Brazilian oil giant Petrobras is scheduled to announce Friday, April 21, that Brazil has reached self-sufficiency in oil, guaranteed with the entry into operation of platform P-50.
The structure will be the largest in operation in Brazil, adding over 180,000 barrels of oil to Brazilian production. Last month, Petrobras produced 1.75 million barrels of oil a day.
Thirty years ago, Brazil imported almost all the oil consumed internally. The announcement of self-sufficiency takes place on the same day as Brazilian president Luiz Inácio Lula da Silva is going to visit the P-50 platform, installed in Albacora Leste field, in Campos Basin, on the coast of the state of Rio de Janeiro.
The site is the main oil producer in the country, answering to around 85% of the national oil production. A Floating Production, Storage and Offloading (FSPO) unit, the new platform will alone start answering to 11% of the total oil extracted in the country.

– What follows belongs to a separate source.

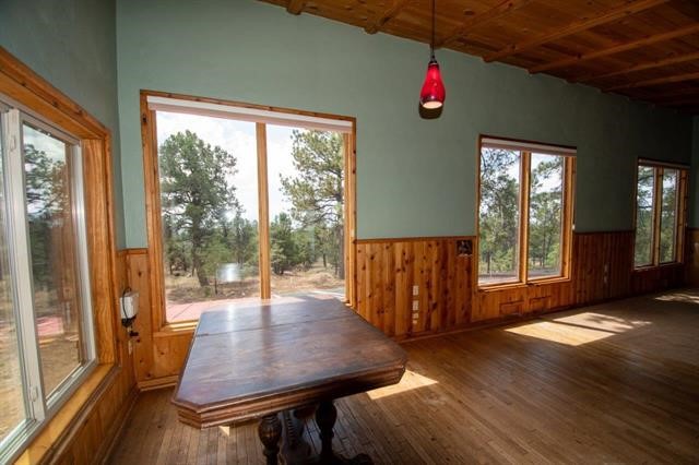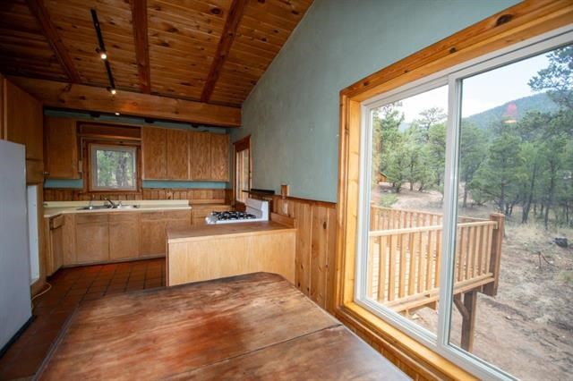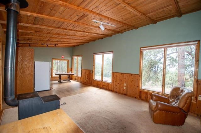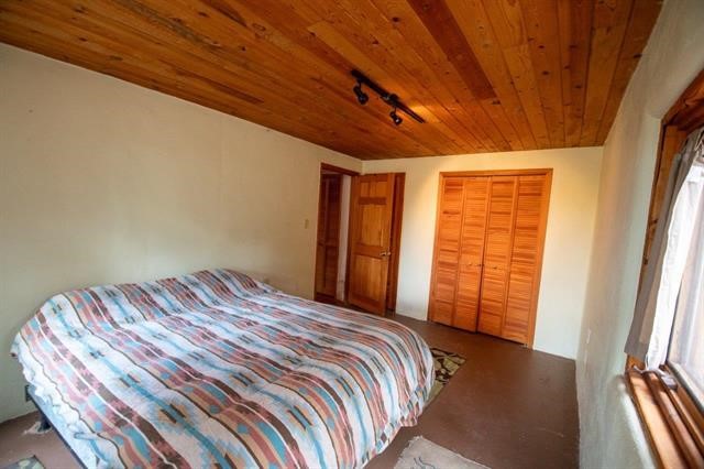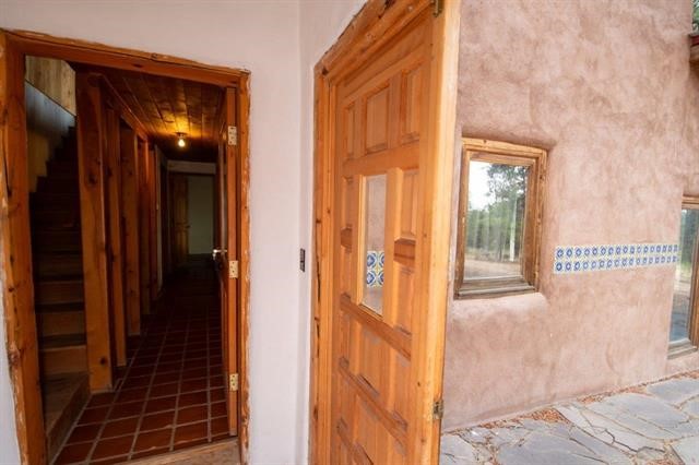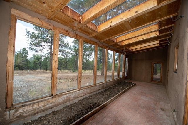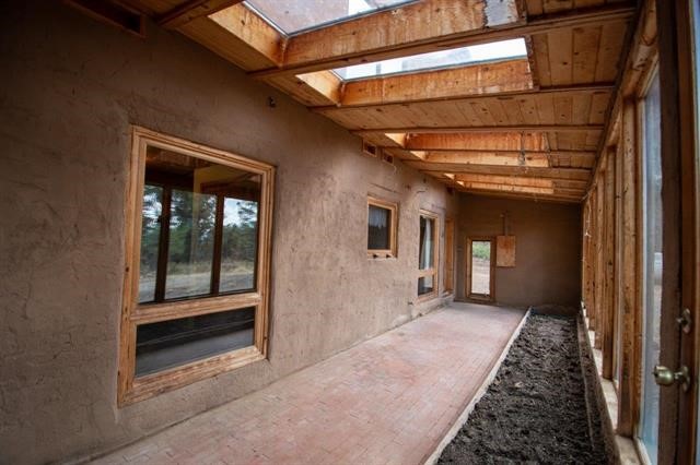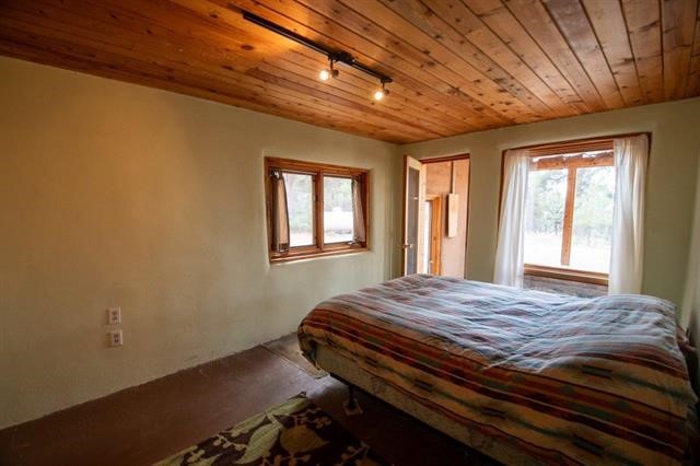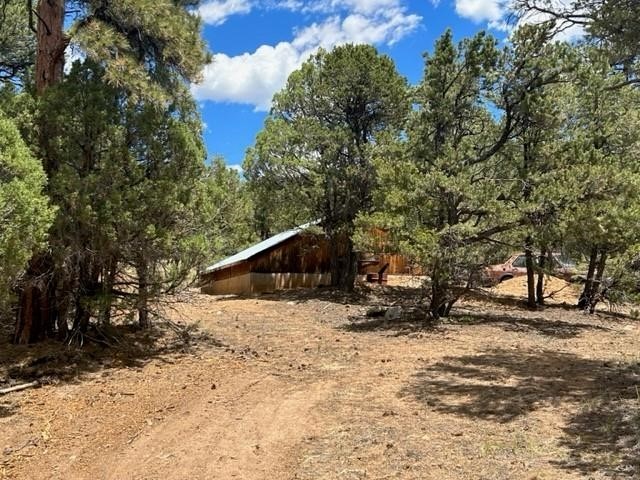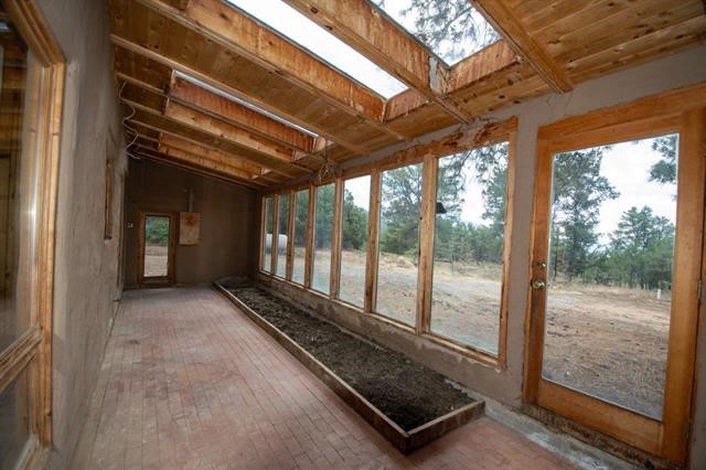 Discover serenity and rustic charm in this unique two-story pumice-crete and frame constructed southwestern-style home nestled on 4.99acres of pristine forest in Valdez, bordering the Carson National Forest. Situated atop a ridge, this southwestern territorial style home offers panoramic views of the valley and the majestic mountains beyond, allowing you to immerse yourself in the beauty of nature. Passive solar orientation ensures energy efficiency and a harmonious connection with the environment. The in-floor radiant heating(downstairs) adds to your comfort, making every corner of the 1342 sq. ft., 2-bedroom, 1-bathroom living space welcoming. Concrete, wood, and carpeted floors create a blend of modern functionality and rustic appeal. The open kitchen/dining/living area on the 2nd story is the heart of the home, features a functional layout and a convenient door leading to an elevated deck. From this vantage point, soak in the breathtaking landscape that stretches before you. The home's thoughtful simple design incorporates a pro-panel roof and on-demand domestic water heater to complement mountain living. Warm up during cooler months by the wood stove while admiring the views through strategically placed windows. Embrace green living with the attached 300 sq.ft. greenhouse sunroom, a perfect space to nurture plants and enjoy year-round sun-soaked tranquility. An additional 20x20x8 detached storage room/cistern provides ample storage options, enhancing the practicality of the property. While the home features a certain funky rustic charm, it holds vast potential for customization and transformation. The property's extra acreage invites you to expand your dreams, whether it's building another home, a garage, or a workshop. Partial fencing lends privacy, making it an ideal setting for horse enthusiasts or those seeking to explore the outdoors via mountain biking, hiking, or other recreational activities on the nearby public lands and trail systems. This home is not just a dwelling; it's an invitation to embrace the Southwest's allure, forge a connection with the land, and embark on a journey of discovery and fulfillment. Convenient access to Taos Ski Valley.
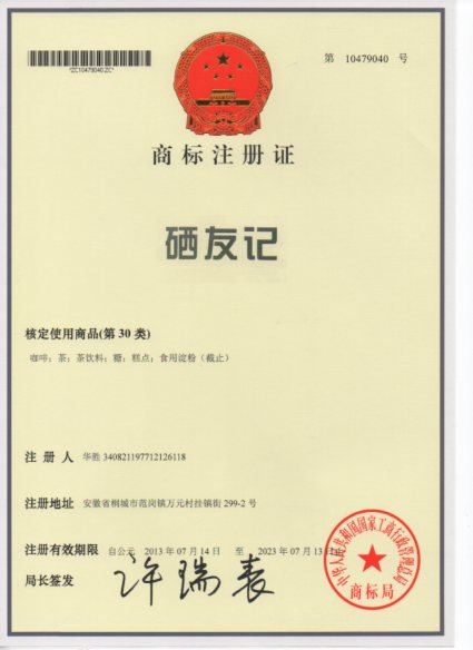 第30类“硒友记”商标注册证

Apart from producing oil, P-50 will have capacity for compression of six million cubic meters of natural gas and will store another 1.6 million barrels of oil. According to the concept adopted by Petrobras, self-sufficiency is the availability of oil produced at equal or greater or equal volumes to the refining capacity in the country, for the supply of the domestic market.
Today, the domestic demand for the product is around 1.8 million barrels (the same as the National Refining Park), whereas production after the start of operation of the P-50 should reach year-end at a daily average of between 1.9 million and 1.91 million barrels.